プロムナード|感覚とは?|大河内文恵
感覚とは?
What are the senses?
text by 大河内文恵(Fumie Okouchi)
流行り病に感染した。いわゆる新型コロナというやつである。
熱はたいして上がらず、倦怠感でずっと横になっていた(寝ていたいというより、縦になっていられない!)けれど、喉の痛みも食事は摂れる程度で済み、まぁまぁ軽症だよねと思っていたら、ある日、食事がテーブルに並んでも食欲がわかないことに気づいた。
もう少し正確にいうと、たしかにテーブルの上には食べ物が並んでいるのは認識できるのだが、「食べたい」とか「美味しそう」とか普通にわきあがるはずの感情がまったく起こらない。変だなぁと思いつつ、食べ物を口に入れた瞬間気づいた。においがしないのだ。幸い、味覚には異常がなかったので、口に入れれば味がわかる。すると、食べ物だと認識することができて、少しばかり食欲がわき、(いつもよりは少なめながら)食べることができた。
嗅覚というものが、食欲を喚起する引き金として、ここまで大きく関わっているとは思ってもみなかった。たしかに、街中でカレーの匂いがしてくるとお腹がすいたような気がしたり、出汁の匂いで和食が食べたくなったりというのは経験としてあるから、食欲のトリガーとして嗅覚が機能しているということはわかる。そういった特に強く作用するものでなくても、重要な役割を果たしていることが実感として感じられた。
そう、この時点ではまだそれほどのことではなかったのだ。次の段階に進むまでは。翌日、今度は味がしなくなった。とうとう味覚異常が来たか!と思ったのだが、事はそう単純ではなかった。味覚すべてが失われたのならばまだしも(それはもちろん辛いし不便だが)、失われた味覚は部分的なものだった。
塩味・甘味といった基本的な味覚が失われた一方、苦み・酸味だけ残った。いや、通常よりも強く感じるようになってしまった。すると、すべてのものが、味がしないか、ものすごく酸っぱいか、ものすごく苦いかの三択になる。これはなかなかの苦行である。ここで完全に食欲を失った。というより、モノを食べたくなくなった。何を食べても不味いことがわかっているから。
幸い、味覚異常は丸二日で回復したので、軽いダイエットになっただけで済んだ。

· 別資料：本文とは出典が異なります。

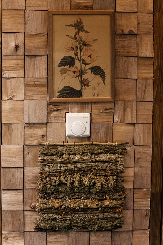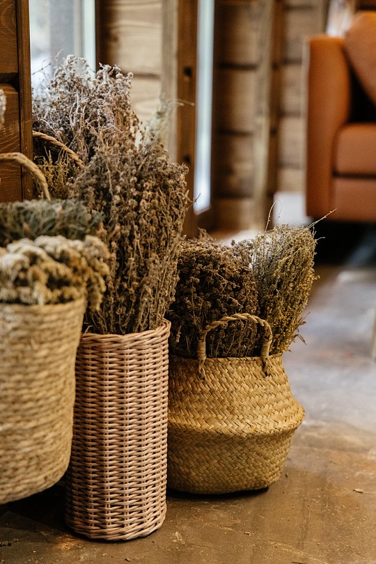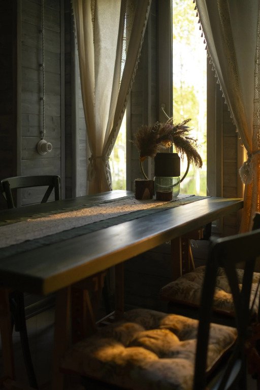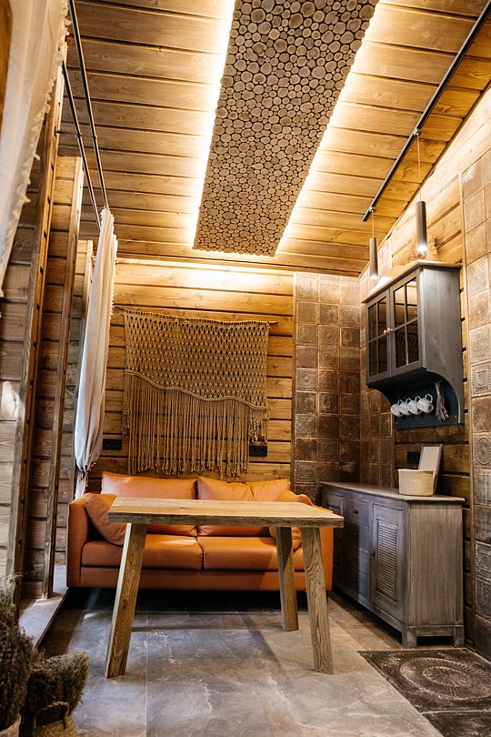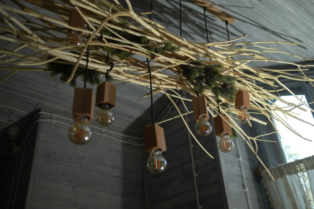 Авторские буфет и стол, дубовый слэб, люстра из веток и флористические панно наполняют пространство природной свежестью.

味覚と時期を同じくして体調も回復し、通常の生活に戻った。が、世界の見え方はコロナ以前とは変わってしまった。
それまで当たり前にあると思っていた感覚知覚が、いかに脆いものかを知ってしまったからだ。私たちは日々、視覚、聴覚、嗅覚、味覚、触覚といった五感を意識的にも無意識的にも用いて生きている。それらのバランスは取れていて当たり前ではなく、じつはちょっとしたことで簡単に崩れてしまう。
そして、自分の持っている感覚は、当たり前のように思えるけれども、他の人がそれと同じである保証はどこにもない。それを、私にとってとんでもなく苦いだけの食べ物を家族が美味しそうに食べているのをみて、つくづく感じた。
自分ではない感覚を持つということは、通常の状態ではあり得ない。自分の普段の感覚は、その瞬間の自分にしか有効ではないかもしれないと頭のどこかに置いておく。何かを感じたときに、それが何なのかを少しだけ客観的に俯瞰でみてみる。そんなことが、その対象へのひいては自分自身への理解につながるといったら大げさだろうか。
そんなことに気づけたからコロナ感染も悪くない、とは1ミリも思わない。もう二度とごめんだ。